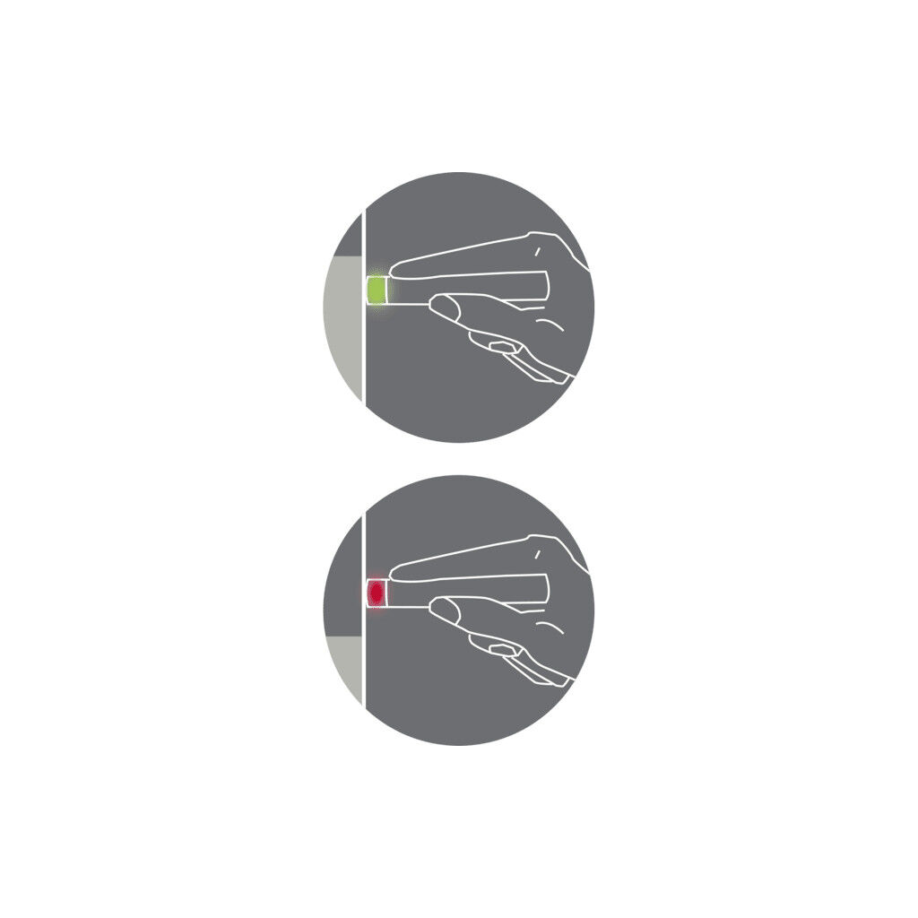 Gasniveau-indicator in zakformaat voor standaard gasflessen met propaan of butaan. De niveau-indicator geeft betrouwbare metingen en kan in de zak worden opgeborgen omdat hij zo klein en licht is. Eenvoudig te gebruiken - druk gewoon een van de korte zijden in een hoek van 90 graden tegen de gasfles en een LED-lampje brandt groen of rood als er gas op dat niveau is.
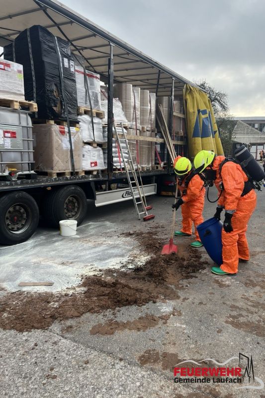 In Waldaschaff kam es in der Walburgstr. zu einem Austritt von Essigsäure aus einem mit Stückgut beladenen LKW. Wir unterstützten bei den Aufräumarbeiten.
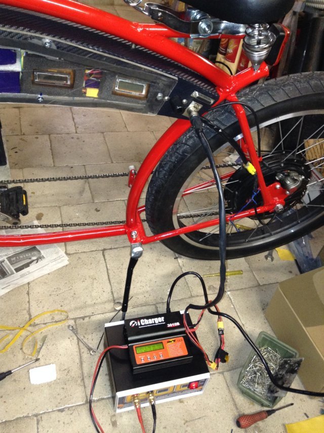 Le batterie (per ora)sono composte da Lipo nanotech 5S 8Ah 25C per ottenere infine 20S per una tensione nominale di 74V 8Ah caricate e bilanciate con l'apposito caricabatteria/alimentatore iCharger 3010B
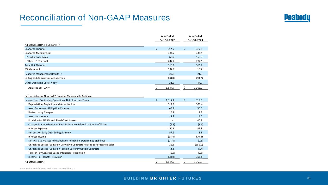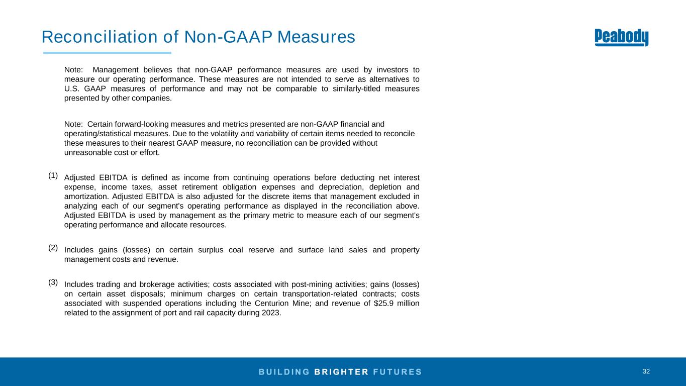 31 Reconciliation of Non-GAAP Measures Note: Refer to definitions and footnotes on slides 32. Year Ended Year Ended Dec. 31, 2022 Dec. 31, 2023 Adjusted EBITDA (In Millions) (1) Seaborne Thermal $ 647.6 $ 576.8 Seaborne Metallurgical 781.7 438.1 Powder River Basin 68.2 153.7 Other U.S. Thermal 242.4 207.5 Total U.S. Thermal 310.6 361.2 Middlemount 132.8 13.2 Resource Management Results (2) 29.3 21.0 Selling and Administrative Expenses (88.8) (90.7) Other Operating Costs, Net (3) 31.5 44.3 Adjusted EBITDA (2) $ 1,844.7 $ 1,363.9 Reconciliation of Non-GAAP Financial Measures (In Millions) Income from Continuing Operations, Net of Income Taxes $ 1,317.4 $ 816.0 Depreciation, Depletion and Amortization 317.6 321.4 Asset Retirement Obligation Expenses 49.4 50.5 Restructuring Charges 2.9 3.3 Asset Impairment 11.2 2.0 Provision for NARM and Shoal Creek Losses - 40.9 Changes in Amortization of Basis Difference Related to Equity Affiliates (2.3) (1.6) Interest Expense 140.3 59.8 Net Loss on Early Debt Extinguishment 57.9 8.8 Interest Income (18.4) (76.8) Net Mark-to-Market Adjustment on Actuarially Determined Liabilities (27.8) (0.3) Unrealized Losses (Gains) on Derivative Contracts Related to Forecasted Sales 35.8 (159.0) Unrealized Losses (Gains) on Foreign Currency Option Contracts 2.3 (7.4) Take-or-Pay Contract-Based Intangible Recognition (2.8) (2.5) Income Tax (Benefit) Provision (38.8) 308.8 Adjusted EBITDA (1) $ 1,844.7 $ 1,363.9
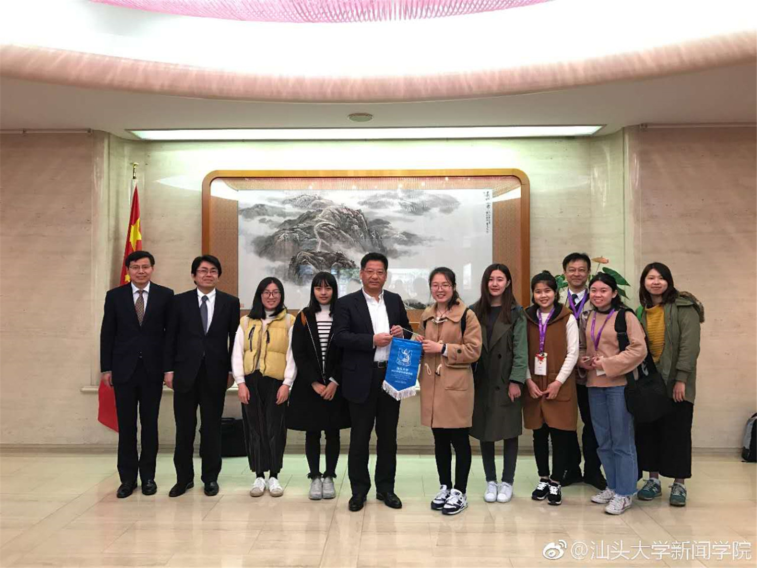 在采访期间的4月1日,汕头大学新闻学院访日团得到了中国驻福冈总领事何振良的会见。何总领事肯定了同学们的访问成果,同时寄予厚望,希望同学们继续努力深造,将来成为优秀的媒体人,推动中日两国民众客观地认识、理解对方。同学们也表示,本次采访之行对日本有了进一步的了解,收获颇丰。
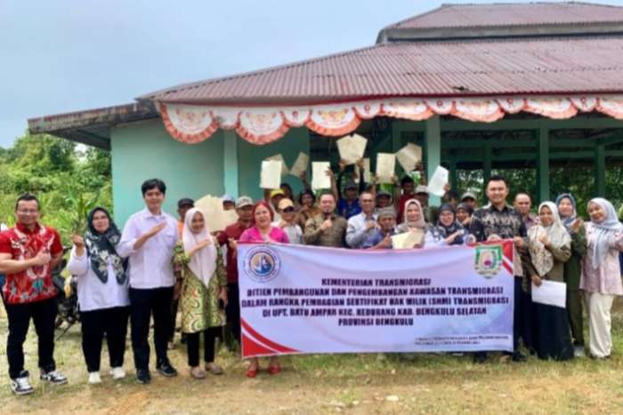 Sertifikat tanah milik warga transmigrasi UPT di Batu Ampar, Kecamatan Kedurang, diserahkan langsung oleh Kepala Kantor Badan Pertanahan Nasional (BPN) Kabupaten Bengkulu Selatan, Azman Hadi, disaksikan oleh tokoh masyarakat, Babinsa, dan tamu undangan lainnya.
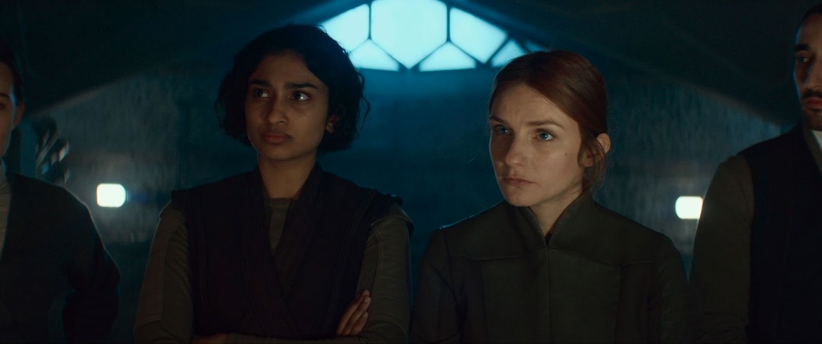 Cassian storms off, and we cut to the ISB office the next day, where Major Partagaz (Anton Lesser) chats with Supervisor Heert about Dr. Gorst’s success. It seems the torturer’s role has been expanded to other parts of the Galactic Empire., and assigned Heert and Lonni Jung (Robert Emms) to watch over the program. “Fill me in after you’ve read the brief," says Lonni to Heert as he walks away. On Ghorman, Vel meets with her on-again-off-again girlfriend Cinta Kaz (Verada Sethu) to talk about the Ghorman Front. They plan the strategy to help the revolutionaries hijack the Imperial shipment of weapons: “If we don’t like it, we walk." Vel also tells Cinta that she only wanted this assignment if Cinta was on it as well. “It’s been a long year," Cinta says. “I had to rest up for quite a while. I had time to think." “I wish I’d known," responds Vel. “I thought about you," says Cinta. At the ISB headquarters, Partagaz grills Dedra Meero (Denise Gough) about the situation on Ghorman, and tells her that Syril must never know “what this is really all about."
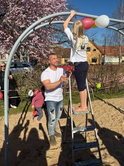 Arbeitseinsatz am Klettergerüst - gemeinsam mit Hanna verpasst Landrat Andy Grabner dem Spielgerät einen neuen Anstrich.

----------------------------------------

### EXERCISE AIM
Reproduce every line above word for word; no images.

### RESPONSE TO THIS EXERCISE
 Gasniveau-indicator in zakformaat voor standaard gasflessen met propaan of butaan. De niveau-indicator geeft betrouwbare metingen en kan in de zak worden opgeborgen omdat hij zo klein en licht is. Eenvoudig te gebruiken - druk gewoon een van de korte zijden in een hoek van 90 graden tegen de gasfles en een LED-lampje brandt groen of rood als er gas op dat niveau is.
 In Waldaschaff kam es in der Walburgstr. zu einem Austritt von Essigsäure aus einem mit Stückgut beladenen LKW. Wir unterstützten bei den Aufräumarbeiten.
 Le batterie (per ora)sono composte da Lipo nanotech 5S 8Ah 25C per ottenere infine 20S per una tensione nominale di 74V 8Ah caricate e bilanciate con l'apposito caricabatteria/alimentatore iCharger 3010B
 31 Reconciliation of Non-GAAP Measures Note: Refer to definitions and footnotes on slides 32. Year Ended Year Ended Dec. 31, 2022 Dec. 31, 2023 Adjusted EBITDA (In Millions) (1) Seaborne Thermal $ 647.6 $ 576.8 Seaborne Metallurgical 781.7 438.1 Powder River Basin 68.2 153.7 Other U.S. Thermal 242.4 207.5 Total U.S. Thermal 310.6 361.2 Middlemount 132.8 13.2 Resource Management Results (2) 29.3 21.0 Selling and Administrative Expenses (88.8) (90.7) Other Operating Costs, Net (3) 31.5 44.3 Adjusted EBITDA (2) $ 1,844.7 $ 1,363.9 Reconciliation of Non-GAAP Financial Measures (In Millions) Income from Continuing Operations, Net of Income Taxes $ 1,317.4 $ 816.0 Depreciation, Depletion and Amortization 317.6 321.4 Asset Retirement Obligation Expenses 49.4 50.5 Restructuring Charges 2.9 3.3 Asset Impairment 11.2 2.0 Provision for NARM and Shoal Creek Losses - 40.9 Changes in Amortization of Basis Difference Related to Equity Affiliates (2.3) (1.6) Interest Expense 140.3 59.8 Net Loss on Early Debt Extinguishment 57.9 8.8 Interest Income (18.4) (76.8) Net Mark-to-Market Adjustment on Actuarially Determined Liabilities (27.8) (0.3) Unrealized Losses (Gains) on Derivative Contracts Related to Forecasted Sales 35.8 (159.0) Unrealized Losses (Gains) on Foreign Currency Option Contracts 2.3 (7.4) Take-or-Pay Contract-Based Intangible Recognition (2.8) (2.5) Income Tax (Benefit) Provision (38.8) 308.8 Adjusted EBITDA (1) $ 1,844.7 $ 1,363.9
 在采访期间的4月1日,汕头大学新闻学院访日团得到了中国驻福冈总领事何振良的会见。何总领事肯定了同学们的访问成果,同时寄予厚望,希望同学们继续努力深造,将来成为优秀的媒体人,推动中日两国民众客观地认识、理解对方。同学们也表示,本次采访之行对日本有了进一步的了解,收获颇丰。
 Sertifikat tanah milik warga transmigrasi UPT di Batu Ampar, Kecamatan Kedurang, diserahkan langsung oleh Kepala Kantor Badan Pertanahan Nasional (BPN) Kabupaten Bengkulu Selatan, Azman Hadi, disaksikan oleh tokoh masyarakat, Babinsa, dan tamu undangan lainnya.
 Cassian storms off, and we cut to the ISB office the next day, where Major Partagaz (Anton Lesser) chats with Supervisor Heert about Dr. Gorst’s success. It seems the torturer’s role has been expanded to other parts of the Galactic Empire., and assigned Heert and Lonni Jung (Robert Emms) to watch over the program. “Fill me in after you’ve read the brief," says Lonni to Heert as he walks away. On Ghorman, Vel meets with her on-again-off-again girlfriend Cinta Kaz (Verada Sethu) to talk about the Ghorman Front. They plan the strategy to help the revolutionaries hijack the Imperial shipment of weapons: “If we don’t like it, we walk." Vel also tells Cinta that she only wanted this assignment if Cinta was on it as well. “It’s been a long year," Cinta says. “I had to rest up for quite a while. I had time to think." “I wish I’d known," responds Vel. “I thought about you," says Cinta. At the ISB headquarters, Partagaz grills Dedra Meero (Denise Gough) about the situation on Ghorman, and tells her that Syril must never know “what this is really all about."
 Arbeitseinsatz am Klettergerüst - gemeinsam mit Hanna verpasst Landrat Andy Grabner dem Spielgerät einen neuen Anstrich.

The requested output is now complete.